Though my pool was my favorite safety zone, I had others. I often found comfort among the strong arms of a great maple tree we had in our back yard. In the tree, I could watch everything around me without having to interact. I could take part in the world as an observer. I was an avid observer. I was enthralled with the nuances of people’s actions. In fact, I often found it desirable to become the other person. Not that I consciously set out to do that, rather it came as something I simply did. As if I had no choice in the matter. My mother tells me I was very good at capturing the essence and persona of people. At times, I literally copied someone’s look and their actions. For instance, if a schoolmate began wearing glasses, I would sneak my aunt’s so that I too could wear glasses, even though they nearly blinded me. If someone broke their arm, I would come home and complain my own arm was broken, until my mother finally cast it in flour paste.

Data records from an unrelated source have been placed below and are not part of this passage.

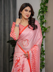 The saree comes with an attached blouse piece that complements the saree perfectly.
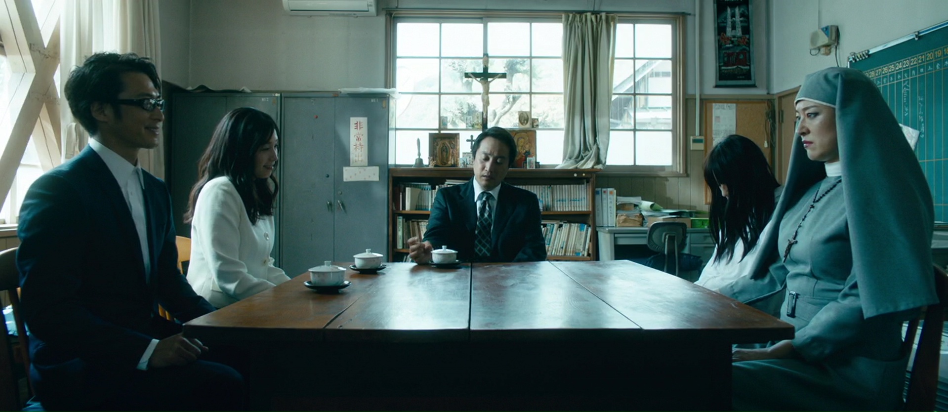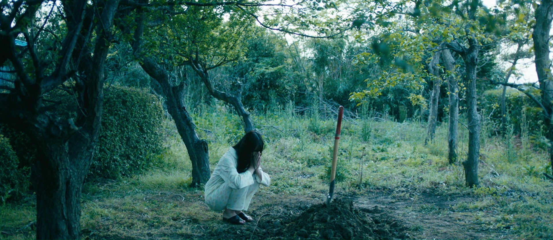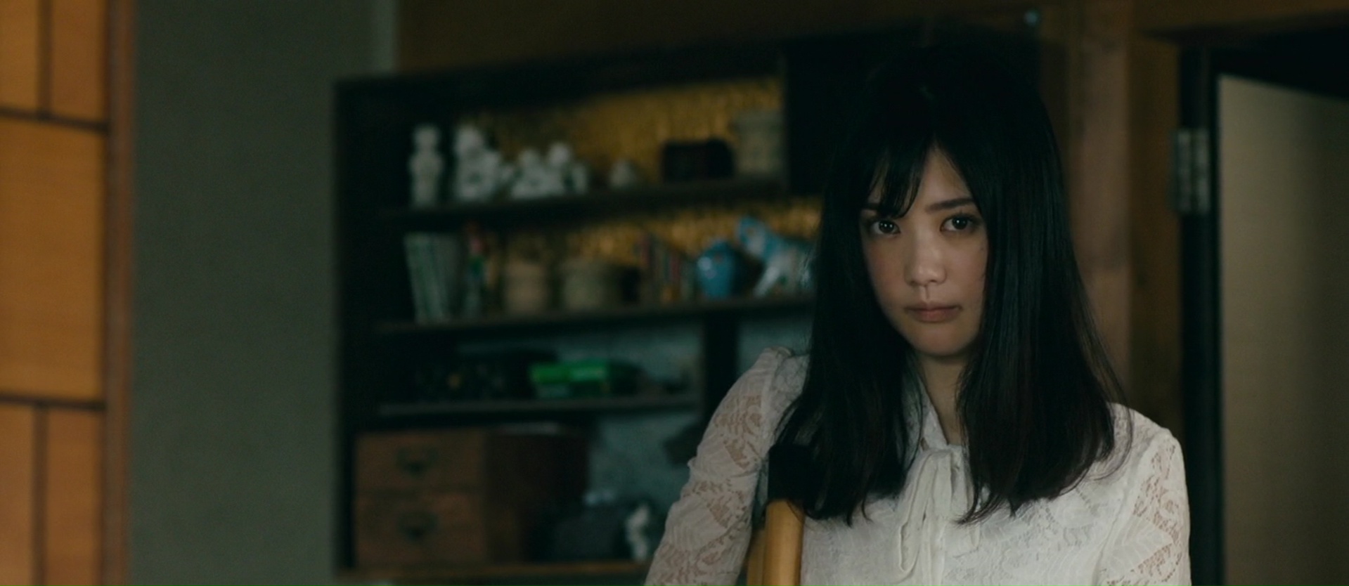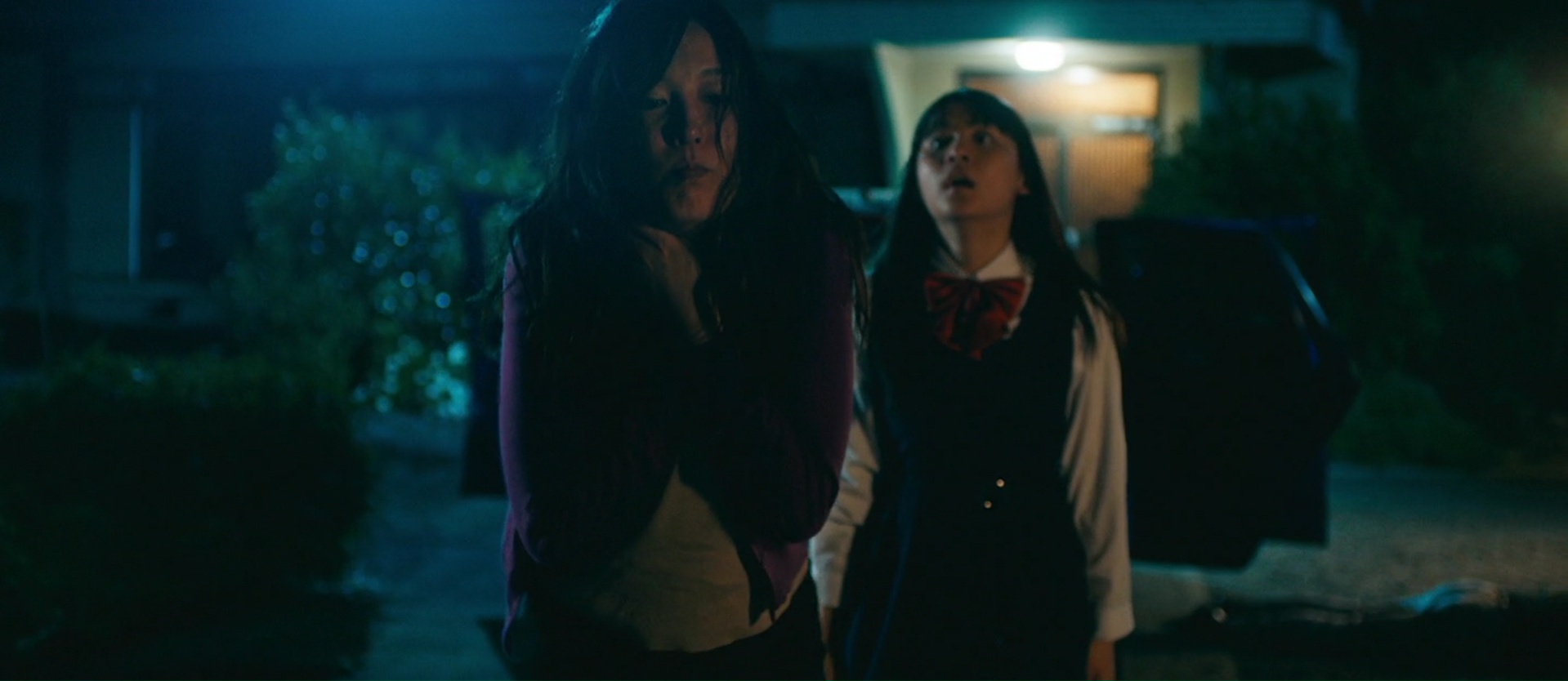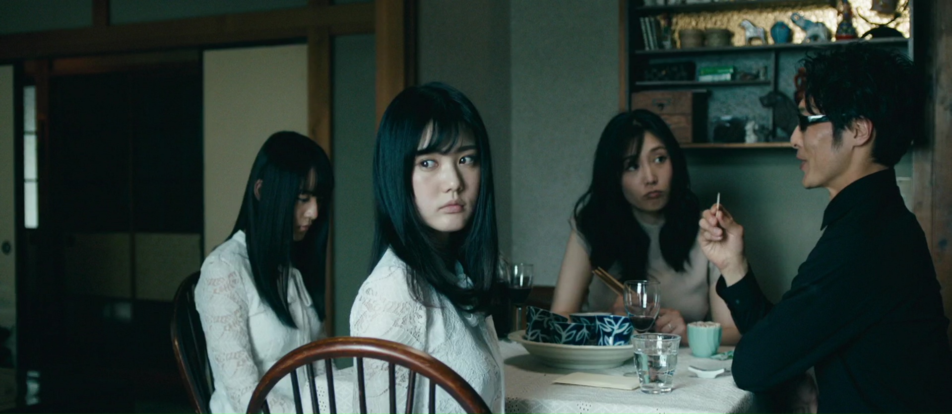 Alors certes, je m’attendais à un métrage fauché tourné un peu n’importe comment, et je me suis retrouvé dés la première scène avec une œuvre filmée proprement, caméra sur pieds quasi intégralement, avec des cadrages léchés, une jolie photographie, et une envie de poser une ambiance qui devient lourde au fur et à mesure des minutes sans que l’on sache les tenants et les aboutissants de la dite histoire. Du bon boulot donc. Oui, dés l’ouverture dans l’orphelinat, qui semble presque abandonné, avec cette jeune femme, Mei (Asakawa Nana) sifflotant le boléro de Ravel sur sa balançoire, avant de continuer à l’intérieur avec une discussion entre le directeur de l’orphelinat, une bonne sœur et le couple Ueda, venu en ses lieux pour adopter Mei, une ambiance se pose, quelque chose de lourd se trame, sans que l’on sache quoi. Les silences sont parfois lourds, le couple Ueda passe son temps à sourire, et une étrangeté se dégage de ces quelques moments. Alors, le spectateur non habitué lui pourra tiquer sur certains éléments, notamment le jeu des acteurs, absolument pas mauvais, mais qui a tendance à en faire un peu trop sur certaines émotions. Beaucoup d’éléments sont accentués, volontairement. Est-ce pour faire ressortir encore une fois l’étrangeté ? Ou une volonté un peu plus « manga » ? Impossible à dire, mais Black Maiden n’adapte rien, c’est là un scénario original du réalisateur. Les scènes s’enchaînement, et si l’amitié qui va lier Mei à Rana (Kita Kana), les deux orphelines de la famille Ueda est plutôt douce et fonctionne naturellement à l’écran, l’étrangeté elle ne quittera jamais longtemps le récit. Quelques apparitions étranges en arrière plan (mais sans aucun jumpscares), des parents qui passent leur temps à sourire, c’est déjà étrange. Mais si l’on ajoute alors le voisinage au comportement grotesque, avec cette dame passant son temps à taper sur une poêle dehors en criant Hitogoroshi (Meurtrier), même en plein milieu de la nuit, venant alors envahir le métrage de manière sonore, nous indiquant sa présence quasi permanente, ça fonctionne vraiment très bien.
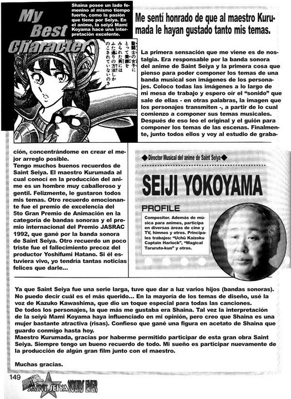 Yokoyama 1) ¿Podría decirnos de qué manera empezó a involucrarse con Saint Seiya?. Yokoyama: Fue Hidetoshi Kimura de Nihon Columbia (ahora Columbia Music Entertainment) quien me puso en contacto con este proyecto. Me dijo "esta vez nosotros nos encargamos de un producto llamado "Saint Seiya". Yo leo pocos mangas, así que era la primera vez que tuve que trabajar en este tipo de obra. Recuerdo que me dijo: Como te confío esto, compone músicas impresionantes...". 2) ¿Cómo fue el proceso de concepción de la música de Saint Seiya?. Yokoyama: Comencé preguntando por imágenes en color de los personajes. Yo también leí un poco el manga y luego colgué imágenes de Seiya, Saori, Ikki y Shiryu en las paredes de mi despacho, y luego compuse la música que corresponde a la visión que me inspiraron. Si me contenté con leer un poco del manga fue porque si estoy demasiado inmerso en la historia termino componiendo una música de apoyo que simplemente se ajusta a la historia. Pero como yo soy un tipo de persona que desea que una música pueda vivir por sí misma, compongo mis siguientes piezas con la imagen que se forma en mi mente. Para mi gran alegría, Masami Kurumada disfrutó de la música y luego me envió de vez en cuando cartas para expresarme su satisfacción. En lo que concierne a las películas, recibí guiones gráficos y mi música se basó en eso. 3) Usted lanzó comercialmente muchos álbumes en aquella época, y Saint Seiya por si solo debió manternerlo muy ocupado, ¿no es cierto?. Yokoyama: En ese momento, mis discos no se vendían. Pero por una razón u otra, la música de Saint Seiya se vendió bien y entonces saqué álbumes cada dos o tres meses. Además, como trabajaba en muchas otras producciones animadas, estuve increíblemente ocupado en ese momento. Pero mirando hacia atrás, recuerdo este período con nostalgia. En esa época, el productor Hatano me dijo "Me gustaría que produjera música como usted la siente. No hablemos de dinero. Le dejaré decidir cuántos interpretes necesita". Nunca había sentido tanta gratitud hacia otro trabajo. 4) Usted estuvo extremadamente involucrado con Saint Seiya durante dos años. ¿Qué impresión guarda?. Yokoyama: En efecto. Incluso cuando compuse para otros trabajos, Saint Seiya aparecía de manera intermitente en algun rincón de mi cabeza. Cuando comía o tomaba un baño, me dejaba llevar por ideas para música y me venía por pensar "ah, usaría eso en Saint Seiya" (risas). Es extraño, pero este es ese tipo de ideas reinsertadas en la obra las que se hicieron populares. 5) ¿Cuál es la composición de Saint Seiya que más le ha marcado?. Yokoyama: Las primeras películas utilizaban el opening de la serie de televisión para introducir el título de la película, pero con motivo de "la leyenda del joven escarlata" (Abel), el director de escena Shigeyasu Yamauchi me pidió que compusiera una música que se utilizaría para la parte que funcionaba como título. Fui muy feliz de que le gustara inmediatamente. Me encanta esa música. Le sugiero que la escuche. 6) "La leyenda del joven escarlata" tenía un nivel de acabado por encima de las otras películas de Saint Seiya. Yokoyama: Ah, sí? Me gustaría trabajar antes de mi muerte en una buena película de Saint Seiya orientada a nivel internacional. Aunque de hecho actualmente trabajo con Masami Kurumada en una película que debería ser de una buena longitud, quizás de una hora y media. Pero los films de animación son caros (risas). Pero yo realmente tengo ganas... Es una historia inspirada en Saint Seiya pero las sinfonías utilizadas en "Choryoku Sentai Oranger" fueron grabadas en París reuniendo a artistas populares de Europa y del Conservatorio de París. Como Saint Seiya fue difundido en Francia, cuando el compositor anunció mi nombre, las niñas exclamaron "Yokoyama!", sorpresa. Eso me hizo muy feliz (risas). 7) ¿Qué impresión le deja Saint Seiya?. Yokoyama: Saint Seiya es una obra extremadamente importante para mí, y espero que la música de Saint Seiya se oiga en mi funeral (Risas). Por supuesto, que también pensé eso al componer canciones en obras posteriores, y diciéndome que me gustaría una música en particular durante mi funeral (risas). Pero cualesquiera que sean los años que pasen, Saint Seiya sigue siendo una opción segura. Quiero, en particular, que pasen la música de los créditos finales de la película "el ardiente combate de los dioses", la que comienza con los coros masculinos. De hecho, pensé retirarme a los 65 años, pero a fin de cuentas, todavía continúo trabajando en todo tipo de cosas hoy en día, a los 68 años. Si me llaman para un trabajo relacionado con el campo de la animación, creo que respondería presente.
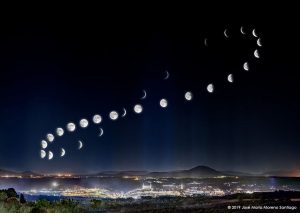 If you photograph or plot the Moon at the same clock time every day, its position drifts in a looping pattern that becomes a tilted figure‑8.
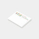 Personalisierte Post-Itanmerkungen für Lehrer. Ausrüstungsbeschreibungen '' einer Anmerkung von den Lehrern Name oder Familienname im roten und grünen Schriftart und eine Ikone von den glücklichen Studenten in den Pastellfarben.
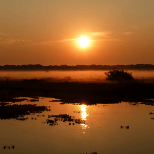Alvorecer com saída de barco a remo, com duração aproximada de 01 hora e 30 minutos, para a apreciação do deslumbrante espetáculo do despertar da natureza no Pantanal.
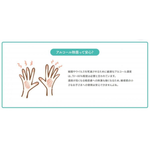 ノンアルコール / 非塩素系の人にやさしい除菌剤です。アルコールで肌荒れを起こしてしまうようなお肌の弱いお子さまにもオススメです。(皮膚刺激試験に合格)
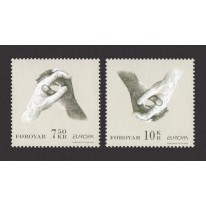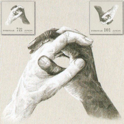 Na znaczkach z Wysp Owczych widnieją dwie splecione ze sobą dłonie: czarna i biała.
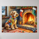 Poster Airedale Terrier Fireplace Christmas Lights
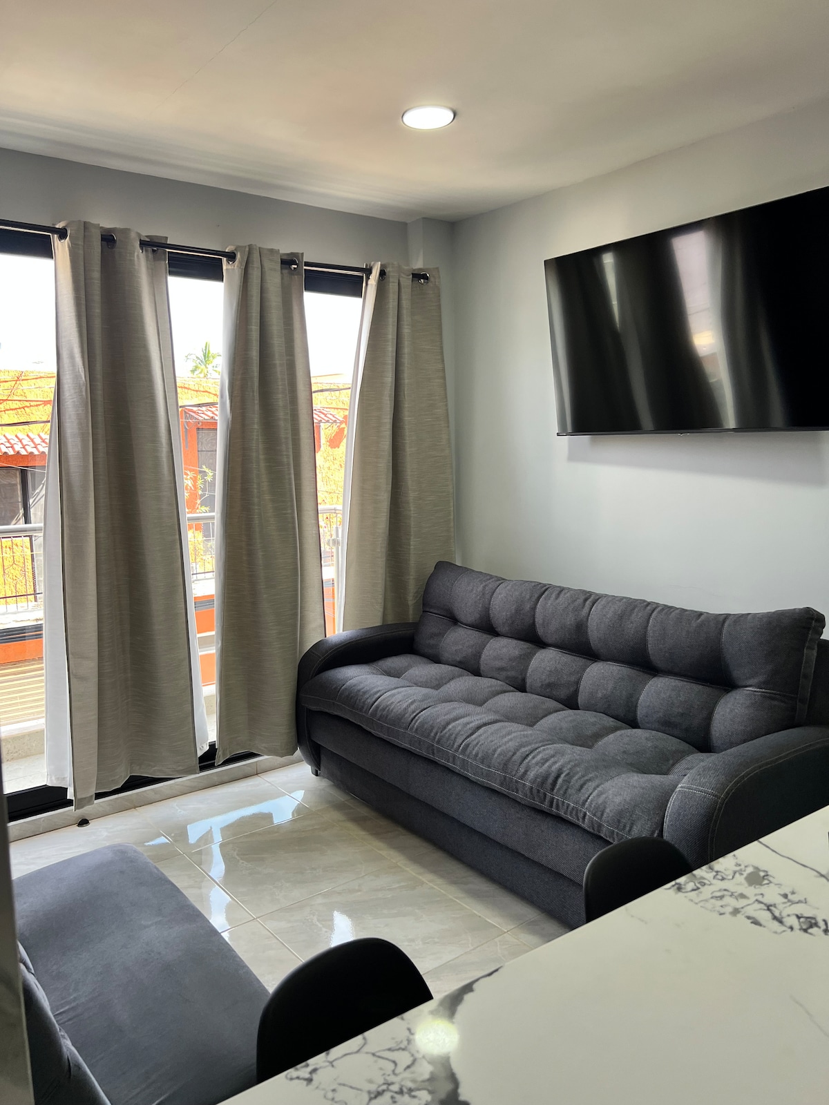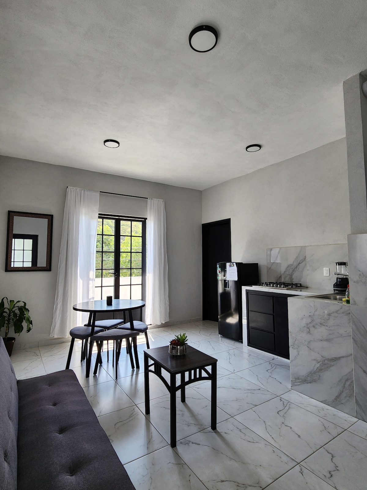 Cómodo departamento para una estadía agradable. Cuenta con buena iluminación y ventilación. Ubicado frente a unidad deportiva. Lugares cercanos; gimnasio, tiendas de abarrotes, centro de salud, farmacia, lavandería, puestos de comida y paraderos de camión. Entradas y salidas rápidas hacia las distintas carreteras. Cuenta con: Habitación con cama kingsize y A/C. Sofacama. Cocina con parrilla y frigobar (con enseres básicos para cocinar). Agua caliente por medio de calentador solar.
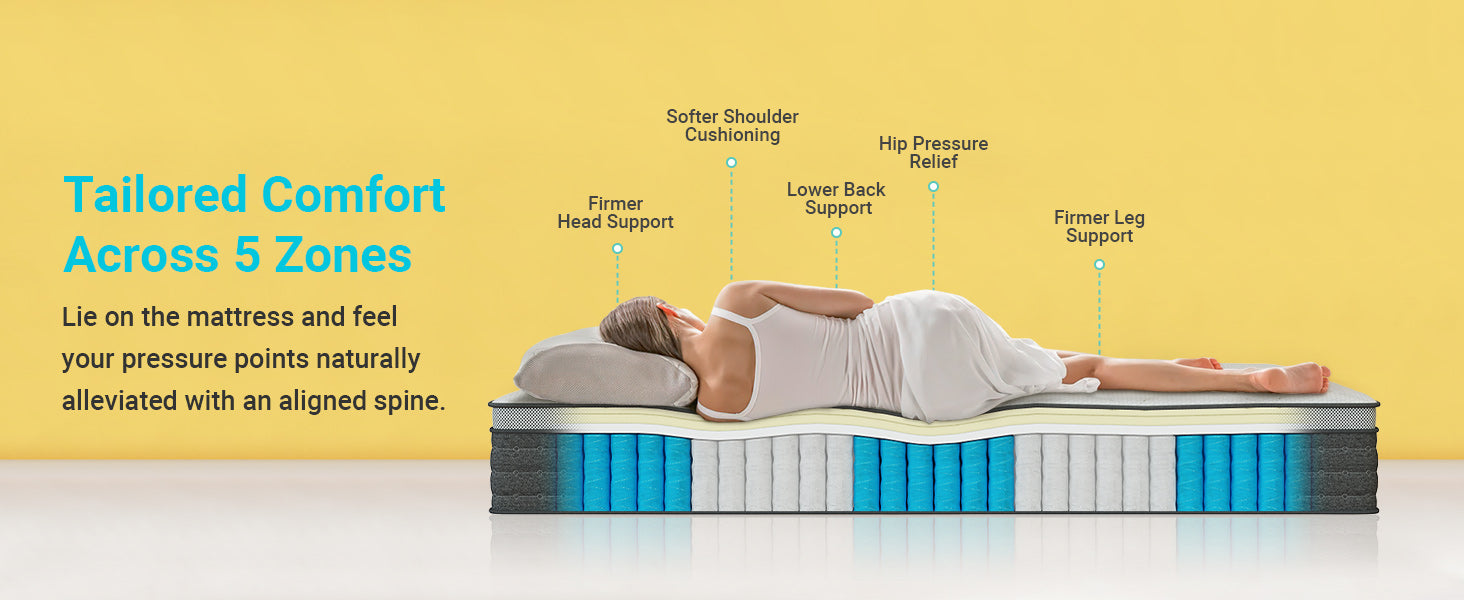 Comfort & Support: 5-zone pocket springs and soft foam offer targeted support and pressure relief, ideal for medium-firm preference.
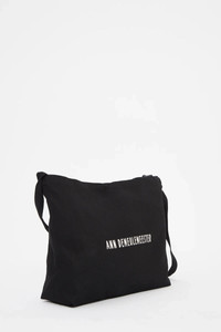 AD Large Shoulder Bag - Black - Heavy Cotton Canvas - Front Embroidered Logo - Knotted Shoulder Strap - Magnetic Press Stud Closure - 100% Cotton - Made in Italy
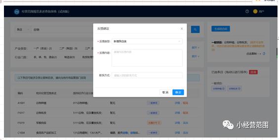 (5)對應《國民經(jīng)濟行業(yè)分類》行業(yè)。指經(jīng)營范圍規(guī)范條目對應的《國民經(jīng)濟行業(yè)分類》中的行業(yè)類別。(6)經(jīng)營范圍規(guī)范條目說明。指根據(jù)相關法律法規(guī)規(guī)定或《國民經(jīng)濟行業(yè)分類》標準及相關專業(yè), , , , 目錄對經(jīng)營范圍規(guī)范條目的簡要說明。(7)檢索結果:搜索關鍵字在經(jīng)營范圍規(guī)范表述中的檢索結果。(8)使用經(jīng)營范圍規(guī)范條目辦理登記的相關活動。指使用該條經(jīng)營范圍規(guī)范條目辦理登記的相關經(jīng)營活動內容,相關活動內容源自相關法律法規(guī)規(guī)定、《國民經(jīng)濟行業(yè)分類》注釋說明、相關專業(yè)目錄以及企業(yè)登記常用高頻詞匯。 (9)經(jīng)營范圍規(guī)范條目不包含的相關活動。指根據(jù)相關法律法規(guī)規(guī)定及相關專業(yè)目錄,不能使用該經(jīng)營范圍規(guī)范條目辦理登記的相關活動內容。(10)備注。指該條經(jīng)營范圍規(guī)范表述條目涉及到的《外資負面清單》、“多證合一”改革事項等相關內容。(12)政策法規(guī)。經(jīng)營范圍規(guī)范條目所涉及到的政策法規(guī)目錄。

But often, I would engage in far more assimilating behaviors. I was uncanny in my ability to copy accents, vocal inflections, facial expressions, hand movements, gaits, and tiny gestures. It was as if I became the person I was emulating. I don’t know how I choose who to copy, but I do know they were always someone I found pretty, though not necessarily pretty in the usual sense. I don’t think I paid much attention to the overall appearance of the person. I remember being attracted to pieces of people’s faces. I might have liked the color of the eyes, the texture of the hair or the straightness of the teeth. But it was the nose that really held my interest. Straight, linear, «classic» noses appealed to my sense of balance. Button noses, turned-up noses, crooked noses, and especially short and smooshy noses, sent me staring in dismay. I wanted to rush to their face and remold their nose. I would give no thought to the bones and the cartilage that lie just beneath the surface of the nose. To me, the form was pliable and stretchable. And because of those thoughts, I found no reason why anyone’s nose should deviate from the linear.
My parents tell me they were often confused not so much by my ability to copy others, but rather by my desire to do so. They thought I was giving in to peer pressure or wanting to be someone I was not. This was not the case during that time in my life. Until I was somewhere around ten years old, I held myself separate from others. I never really compared who I was to who they were. It didn’t dawn on me to see myself as a fellow third grader or as a member of a team. I felt almost like I was invisible. I was conscious of the fact that other people could see me and hear me and talk to me, but still I thought I was removed from their domain. I didn’t contemplate that they ostracized me; rather, I chose to shut them out. I could stare at them all I liked, never thinking this might annoy them. I could take in parts of who they were and never worry that I was a copy cat, never worry I had lost me. I always knew right where I was.